We can probably move this to a test in plan_to_sql.rs but I struggled a bit translating it since there's limited functions available (e.g. count(*)). I do also think e2e tests with data are useful in that they don't require a specific SQL representation as long as query semantics are maintained. But I will try to port again once we get some initial feedback here.

adriangb · 2025-12-26T05:25:44Z

datafusion/sql/tests/cases/plan_to_sql.rs

        assert_snapshot!(
            sql,
-            @"SELECT j1.j1_id, j1.j1_string, lochierarchy FROM (SELECT j1.j1_id, j1.j1_string, (grouping(j1.j1_id) + grouping(j1.j1_string)) AS lochierarchy, grouping(j1.j1_string), grouping(j1.j1_id) FROM j1 GROUP BY ROLLUP (j1.j1_id, j1.j1_string) ORDER BY lochierarchy DESC NULLS FIRST, CASE WHEN ((grouping(j1.j1_id) + grouping(j1.j1_string)) = 0) THEN j1.j1_id END ASC NULLS LAST) LIMIT 100"
+            @r#"SELECT j1.j1_id, j1.j1_string, lochierarchy FROM (SELECT j1.j1_id, j1.j1_string, (grouping(j1.j1_id) + grouping(j1.j1_string)) AS lochierarchy, grouping(j1.j1_string), grouping(j1.j1_id) FROM j1 GROUP BY ROLLUP (j1.j1_id, j1.j1_string)) ORDER BY lochierarchy DESC NULLS FIRST, CASE WHEN (("grouping(j1.j1_id)" + "grouping(j1.j1_string)") = 0) THEN j1.j1_id END ASC NULLS LAST LIMIT 100"#


Formatted difference:

- @"SELECT - j1.j1_id, - j1.j1_string, - lochierarchy - FROM ( - SELECT - j1.j1_id, - j1.j1_string, - (grouping(j1.j1_id) + grouping(j1.j1_string)) AS lochierarchy, - grouping(j1.j1_string), - grouping(j1.j1_id) - FROM j1 - GROUP BY ROLLUP (j1.j1_id, j1.j1_string) - ORDER BY - lochierarchy DESC NULLS FIRST, - CASE - WHEN ((grouping(j1.j1_id) + grouping(j1.j1_string)) = 0) THEN j1.j1_id - END ASC NULLS LAST - ) - LIMIT 100" + @r#"SELECT + j1.j1_id, + j1.j1_string, + lochierarchy + FROM ( + SELECT + j1.j1_id, + j1.j1_string, + (grouping(j1.j1_id) + grouping(j1.j1_string)) AS lochierarchy, + grouping(j1.j1_string), + grouping(j1.j1_id) + FROM j1 + GROUP BY ROLLUP (j1.j1_id, j1.j1_string) + ) + ORDER BY + lochierarchy DESC NULLS FIRST, + CASE + WHEN (("grouping(j1.j1_id)" + "grouping(j1.j1_string)") = 0) THEN j1.j1_id + END ASC NULLS LAST + LIMIT 100"#

As you can see the ORDER BY got moved outside of the subquery, which is what we want.
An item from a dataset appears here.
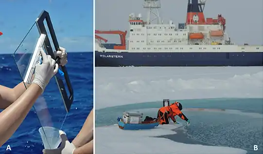 Devices used to sample the concentrations of particulates and compounds of the SML include a glass fabric, metal mesh screens, and other hydrophobic surfaces. These are placed on a rotating cylinder which collects surface samples as it rotates on top of the ocean surface.[107]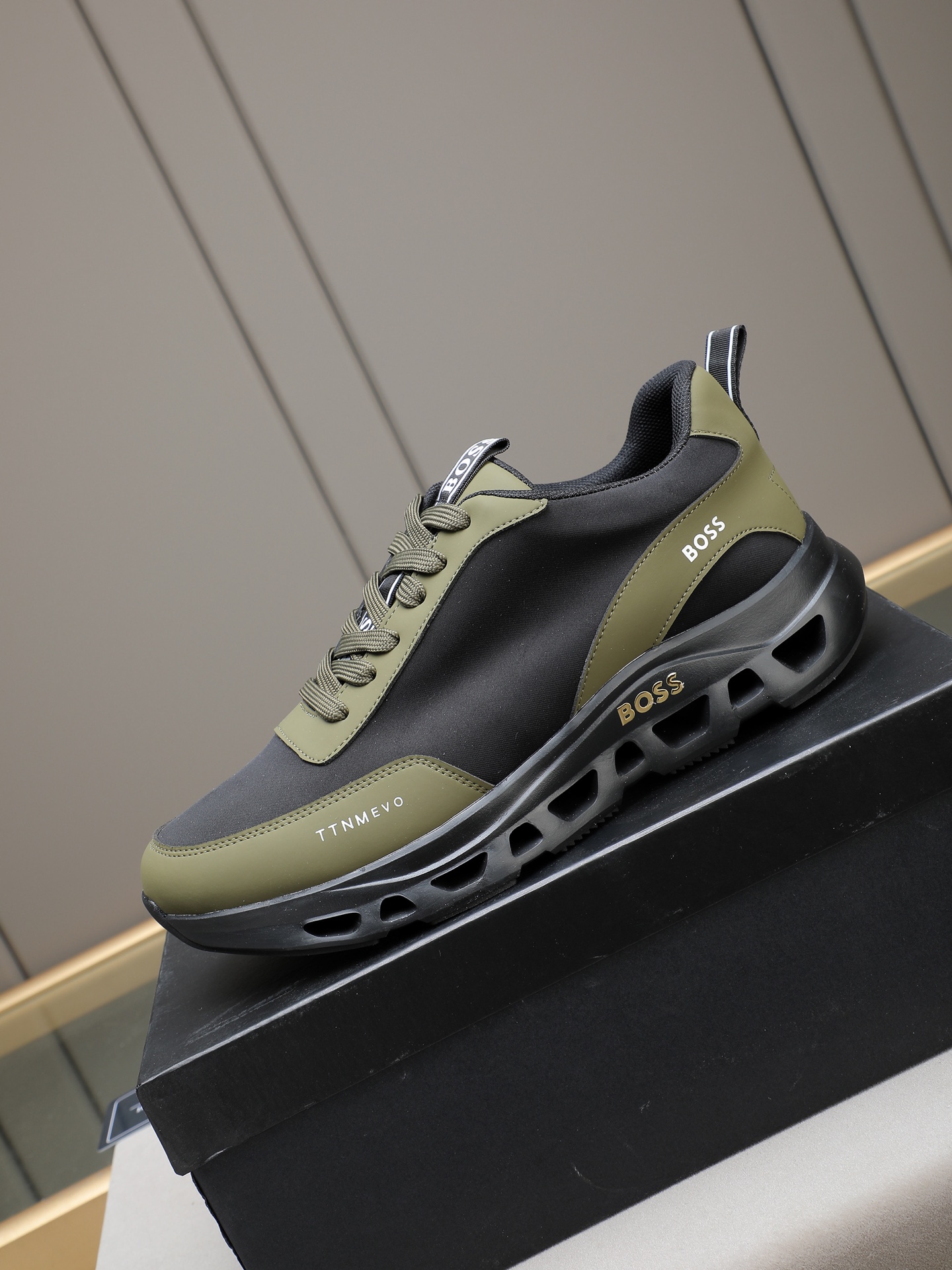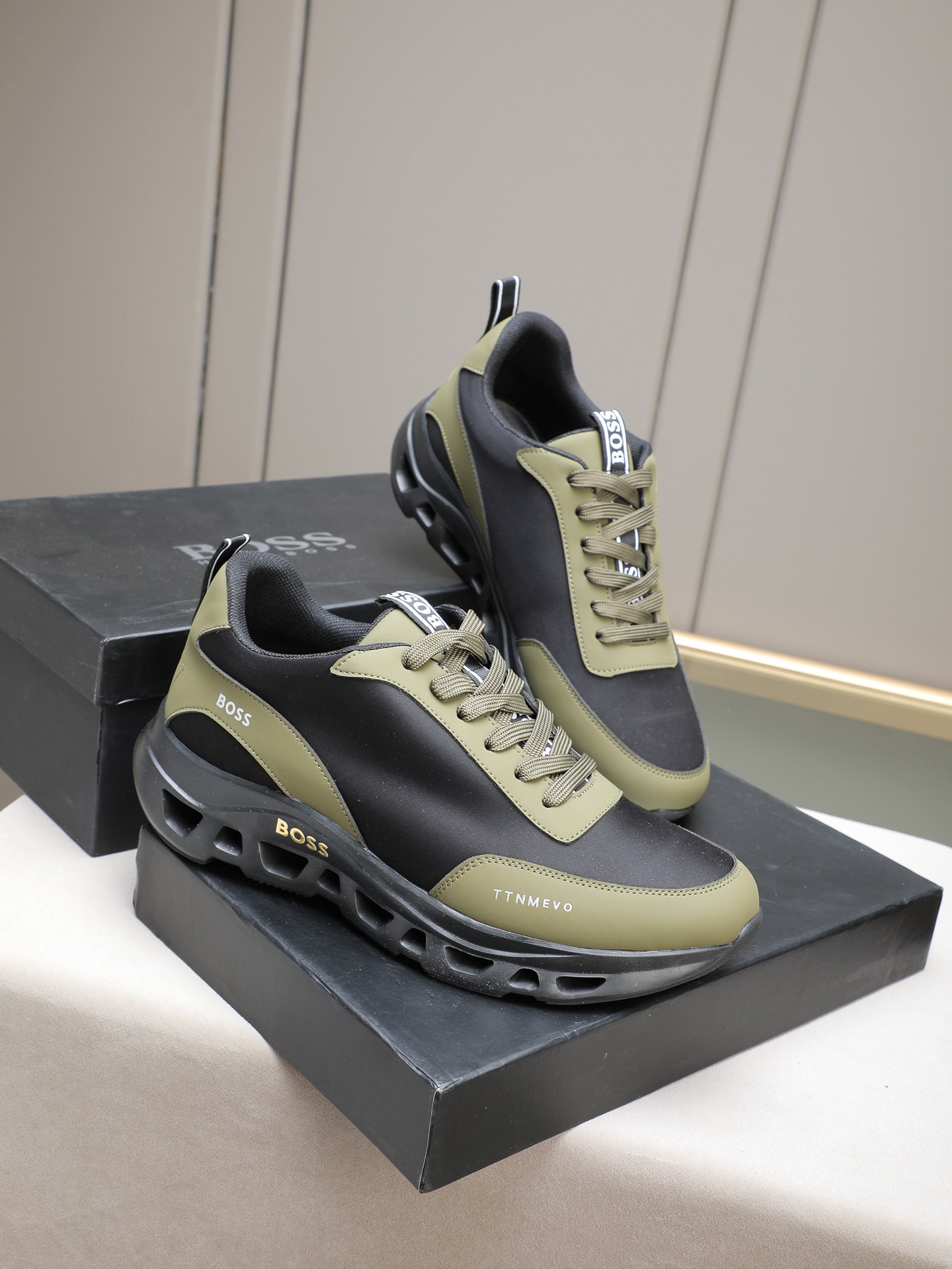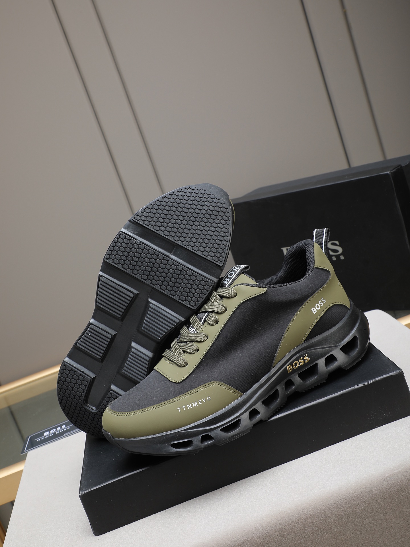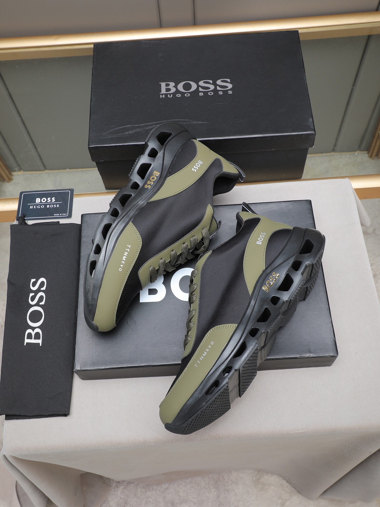 这款鞋子是AAAAA 1:1 质量 (非常棒). 使用了和原版一模一样的材料. 商标部分也保持了和BOSS一样. 图片拍摄是实物鞋子拍摄, 您所收到的实物保证和我们图片一模一样.

adriangb · 2025-12-26T05:31:31Z

I've added a property based test that asserts the property that results should be the same after unparsing and re-parsing a query given the same input data*. I think this is a good test because:

It uses real world queries and data
It's a property based test on the thing users care about in general (correct results) instead of e.g. asserting the unparsed SQL matches some shape

*: Not all queries have a deterministic sort order. I check if the original query has a known output ordering and if it doesn't I sort both outputs.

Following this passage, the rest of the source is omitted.